If you are looking for a tech stock that has the potential for better-than-expected earnings, then Cisco (CSCO) might be the stock... Analysts believe that given the current market situation and the tech industry, in particular, it seems that Cisco is the one which seems the most promising one.
Cisco sells switches, routers, and the associated software for various devices. Looking back at history, it becomes clear that Cisco has a history of beating the market's earning estimates. In fact, the last 2 earning reports of Cisco were 1.19% higher on average (compared with the market's estimates).
The general market's perception was that Cisco's earnings per share would be $0.82. However, the actual number turned out to be $0.83, which was an increase of 1.22%. Similarly, the company posted an EPS of $0.87 against the market's estimate of $0.86 (1.16% higher).
Considering the past performance of Cisco, the estimates for the company are also trending higher. And when we consider the positive EPS of Cisco, it seems that the upcoming earnings report could also contain a surprise for the investors.
But we can also not ignore the current economic condition of the USA and the technology stocks such as Nvidia, Meta, Alphabet, and others. Pretty much all the major tech companies from the USA have announced plans for downsizing and are reporting lower-than-expected earnings.
So in a market situation like this, it seems that a more cautious approach would be to actually wait for Cisco's upcoming earning reports.
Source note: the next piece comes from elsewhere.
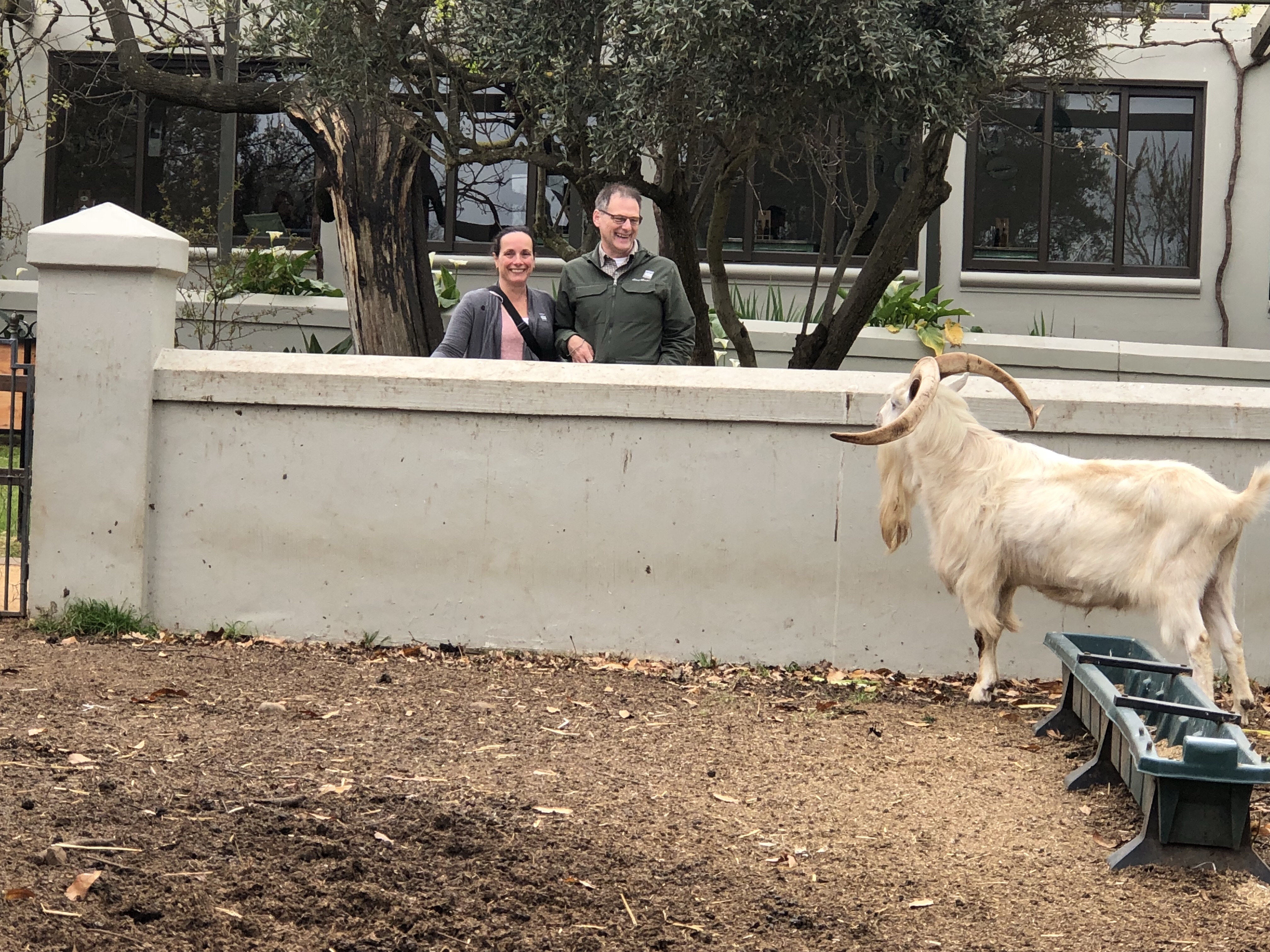 It came complete with live goats outside. Our third stop was the Rickety Bridge vineyard where we had lunch. The vineyard was one of the older ones around and was very good. Our final stop was a new vineyard, just 20 years old where we had a wine and chocolate pairing.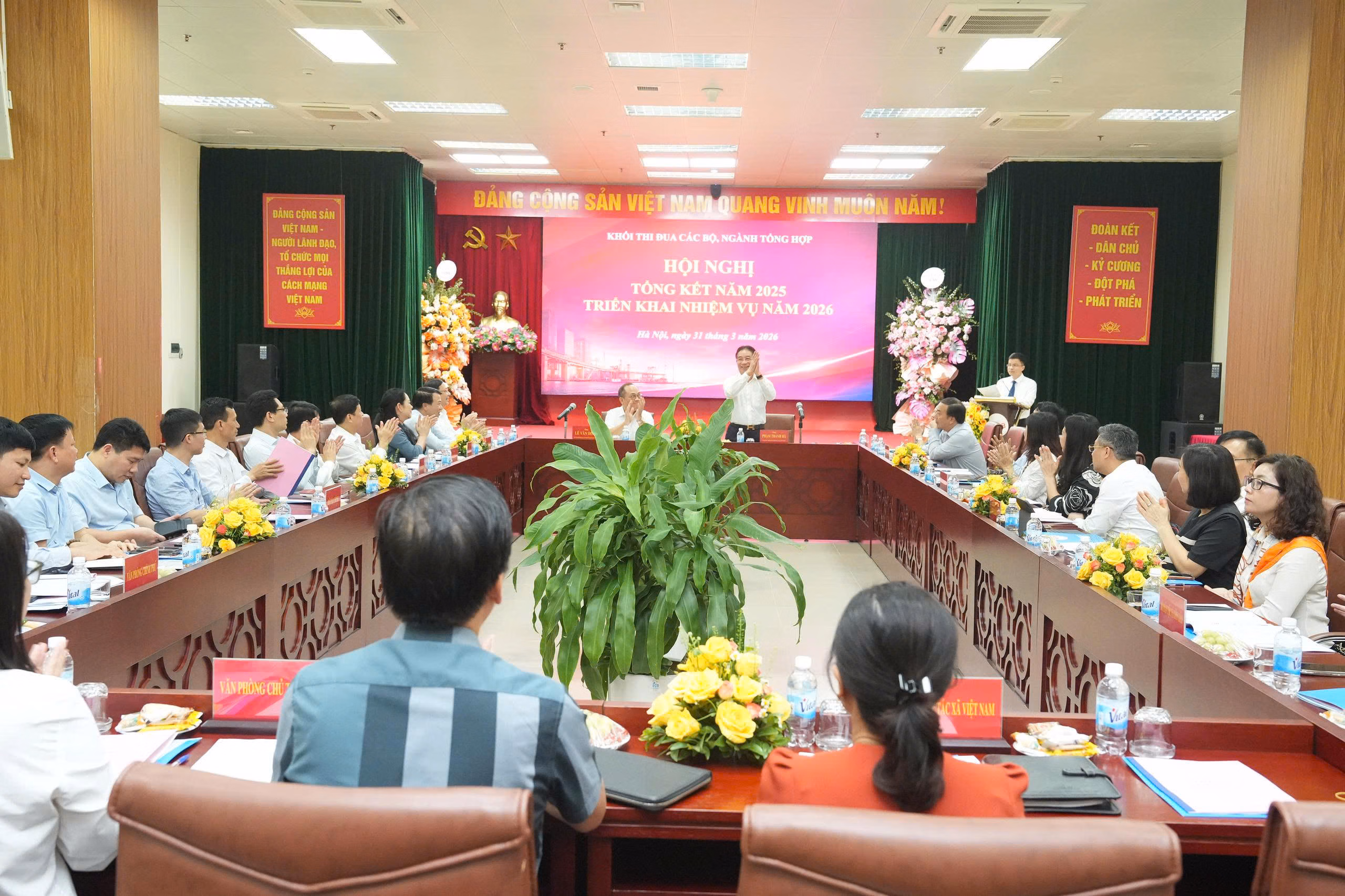 Khối thi đua các bộ, ngành tổng hợp đã phát động và ký giao ước thi đua năm 2026 với chủ đề: “Đoàn kết - Kỷ cương - Đổi mới - Hiệu quả; đẩy mạnh chuyển đổi số; nâng cao chất lượng tham mưu, thi đua nỗ lực phấn đấu hoàn thành thắng lợi các nhiệm vụ chính trị năm 2026”.

Once the report is made public, everything will become clear about the current market situation of Cisco.
But for now, it seems that investors are hooked on the earlier positive results and are expecting a replay of the past. But let's not forget that a lot has changed for the economy and the markets in general since the last 2-3 quarters.
It seems that we will have to wait for a few more days before we can see the surprise packed in Cisco's earning reports.